When I got to grad school, it seemed like the total opposite. In my nonprofit management program, I was taught to obey all the “best practices” of the nonprofit world. “This,” my professors told me, “is how you do social change.” I read all the books and learned all the theories. I even went out to the Midwest to learn how to raise money at The Fundraising School, where they taught me everything I needed to know about fundraising.

When I first started out in my nonprofit career, I was constantly praised for implementing all the neat stuff I’d learned in grad school. “This is how you write a grant proposal,” I would say to organizations that needed help building their capacity. Not once did I broach a conversation with them about why they were using problematic language. Not once did I question the status quo.

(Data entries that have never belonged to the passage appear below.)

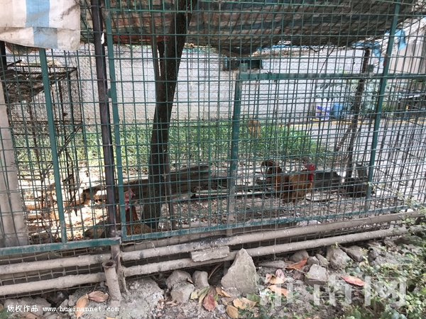 順著小區的主干道繼續走下去,除了小片的綠地被開墾成菜園外,還有一些自行搭建的簡易棚,幾戶居民家門口都有這種簡易棚,棚子里擺放的都是一些桶、家具、木材等雜物。而在另幾幢樓前,淮河早報、淮南網記者看到了兩戶門前用鐵網拉成的柵欄墻,柵欄墻里是幾只雞在來回踱步,時不時低頭找食吃。
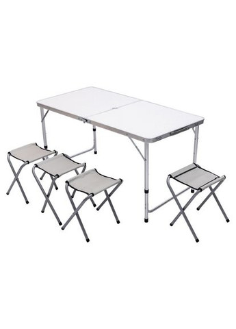 Раскладной комплект мебели с алюминиевым каркасом подходит для использования на природе, даче или в кемпинге. Складная конструкция позволяет удобно трансформировать все элементы в один чемодан для транспортировки и хранения. В сложенном виде стол и стулья компактно фиксируются, занимая минимум места. Каркас выполнен из лёгкого и надёжного металла, что обеспечивает прочность и долговечность при ежедневном использовании. Поверхности из алюминия и МДФ износостойкие и устойчивы к внешним воздействиям. Высота стола регулируется — 75, 65 или 55 см, что позволяет настроить удобное положение под разные условия. В центре столешницы предусмотрено отверстие для установки зонта — это обеспечивает защиту от солнца или дождя. Характеристики кемпингового набора для отдыха: Размеры стола в разложенном виде: 120 x 70 x 75 / 65 / 55 см; Размеры стола в сложенном виде: 60 x 70 x 10 см; Цвет: белый; Материал столешницы: МДФ; Материал каркаса (опор): алюминиевая трубка; Размер стульев: 28 x 26 x 39 см; Материал каркаса стульев: алюминий; Материал сидений стульев: алюминий. Назначение туристического набора: для кемпинга, пикников, рыбалки; как мобильный вариант для дачи или сада; для сезонных мероприятий на природе; для удобной транспортировки и хранения. Вся конструкция легко складывается и раскладывается без дополнительных инструментов. Набор станет практичным решением для тех, кто ищет компактную, функциональную мебель для отдыха на открытом воздухе.
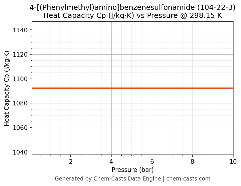 This page presents the pressure-dependent thermodynamic and transport properties of 4-[(Phenylmethyl)amino]benzenesulfonamide (CAS 104-22-3) calculated at a constant temperature of 298 K (25 °C) over the pressure range 0.10-10 bar.

In the “real” world of nonprofit management, I had lost a bit of my idealistic college fire. I had forgotten that I’d come to the sector not just to build better organizations, but to build a better world. I had forgotten that I’d come here in pursuit of truth with a capital “T.”

But after a while, I did begin to ask questions. Why do we do what we do the way we do it? Why do we say one thing in the staff meeting and another in the fundraising meeting? Why do we have to kiss so and so politico’s ass when they clearly don’t give a damn about the people we serve? Why aren’t we using our power to compel the community to action? Why are there so many white people in nonprofit leadership positions when so much of our work is serving communities of color?

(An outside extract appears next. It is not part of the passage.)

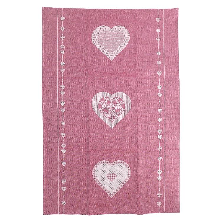 Torchon de cuisine coeurs bordeaux 50x75cm

I learned the answers to these questions and more very quickly. The easy answer? Because that’s just the way it is and always will be. The more nuanced one? Because no one wants to rock the boat with their boards, with their “friends” inside the City Council or the White House, with their funders. Especially with their funders. It’s much easier to obey.

Just ask DC Central Kitchen president Robert Egger, who has been trying to mobilize his colleagues around the country to change the way we do the work of social change for many years now. He even wrote a book about it. He even started the V3 Campaign to help them do it. Yet many people in the sector consider him a “rebel.” I’ve heard people whisper in the conference hallways that they wish he would get off his soapbox.

I want to ask them why they don’t have a soapbox. Why are they not asking the questions? Isn’t that what being an “independent sector” is all about?

I suspect that the reason that Marian treasured her time with Howard Zinn so much is because very few people do what he did. Very few people are in the business of questioning. The ones that do? Well, we call them rebels. We don’t let them sit at the big kid’s table. We kick them out of the White House.

You will say that I’m naive. I am not. I get the whole money, politics, power thing, I do. I see how it affects nonprofit organizations. It’s a hard line. Sometimes we’re stuck between a rock and a hard place. But I want to see us lead from that hard place.

Because unless we do, we become merely keepers of the status quo. We become cogs in a broken wheel. And yes, we know that it’s broken. We see it coming off its hinges before our very eyes. We just don’t want to ask the hard questions that could lead us to fixing it.